What is accreditation?

Accreditation is the international tool used to generate confidence in the correct performance of a very specific type of activity called Conformity Assessment Activities, which include testing, calibration, inspection, certification and verification, among others. In general, any activity that assesses whether a product, service, system, installation, etc. conforms to certain requirements can be subject to accreditation. These requirements may be stipulated by law and, therefore, be of a mandatory nature or be specified in standards, specifications or other documents of a non-regulated nature.

What is the purpose of accreditation?

The value of conformity assessment activities depends largely on the credibility of the assessors performing them and the confidence that the market and the wider community places in them. To achieve this confidence and credibility, it is necessary to set up an independent, stringent and global mechanism that will assure the technical competence of these assessors and their compliance with international standards – and that is exactly what accreditation is.

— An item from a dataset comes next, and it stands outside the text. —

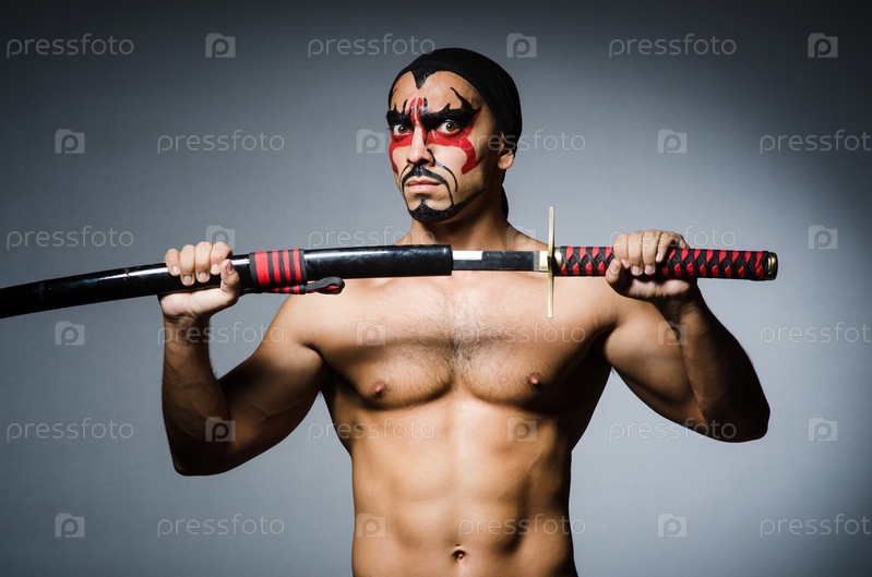 Мужчина с мечом и раскрашенным лицом

The Accredited Entities...

They have staff with the appropriate expertise and experience.
They have the necessary and appropriate equipment and infrastructures for carrying out their activities.
They apply appropriate and valid assessment methods and procedures.
They employ techniques to assess the quality of results and ensure the traceability of the measurements and calibrations associated with their services.
They report sufficiently to their clients on the results of their activities, issuing clear and precise reports or certificates.

ACCREDITATION REQUIREMENTS

To determine the technical competence of conformity assessment bodies, ENAC uses as a benchmark the requirements of international standards, which form the basis for the signing of global recognition agreements.

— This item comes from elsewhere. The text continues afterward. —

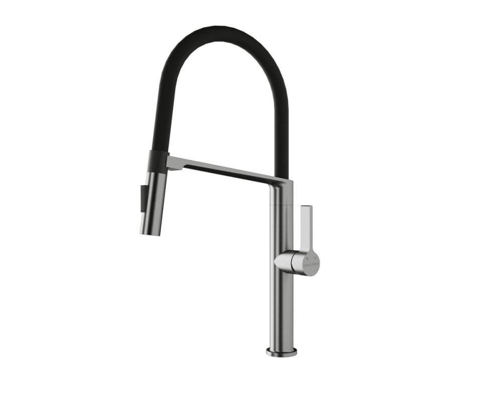 Излив смесителя выполнен из высокопрочного силикона. Конструкцией предусмотрен магнитный механизм фиксации излива.
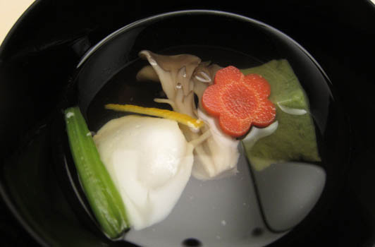 【煮物椀】 蛤進上・よもぎ豆冨・舞茸・梅花人参・のし青菜軸・香り柚子

Below are the standards used for each type of assessment (if in doubt about the applicable standard in your case, click here).

Testing Laboratories UNE-EN ISO/IEC 17025
Calibration Laboratories UNE-EN ISO/IEC 17025
Clinical Laboratories UNE-EN ISO 15189
Inspection Bodies UNE-EN ISO/IEC 17020
Bodies Certifying Products UNE-EN ISO/IEC 17065
Management System Certification Bodies UNE-EN ISO/IEC 17021
Personnel Certification Bodies UNE-EN ISO/IEC 17024
Environmental Verifiers Regulation EC 1221/2009
Greenhouse Gas Emission Verifiers EA-6/03, UNE-EN ISO 14065, Regulation EU 600/2012
Providers of Proficiency Testing Schemes UNE-EN ISO/IEC 17043
Reference Material Producers, ISO Guide 34

For entities that must comply with Good Laboratory Practices (GLP) -studies of plant protection products, industrial chemicals, etc. – the requirements are set out in Royal Decree 1369/2000.

UNE, EN and ISO

STANDARDS

UNE, EN and ISO standards are private-sector documents subject to the laws protecting intellectual property rights, and must therefore be purchased from their respective copyright holders. We therefore suggest that you apply to the Asociación Española de Normalización, AENOR, the Spanish standardisation association.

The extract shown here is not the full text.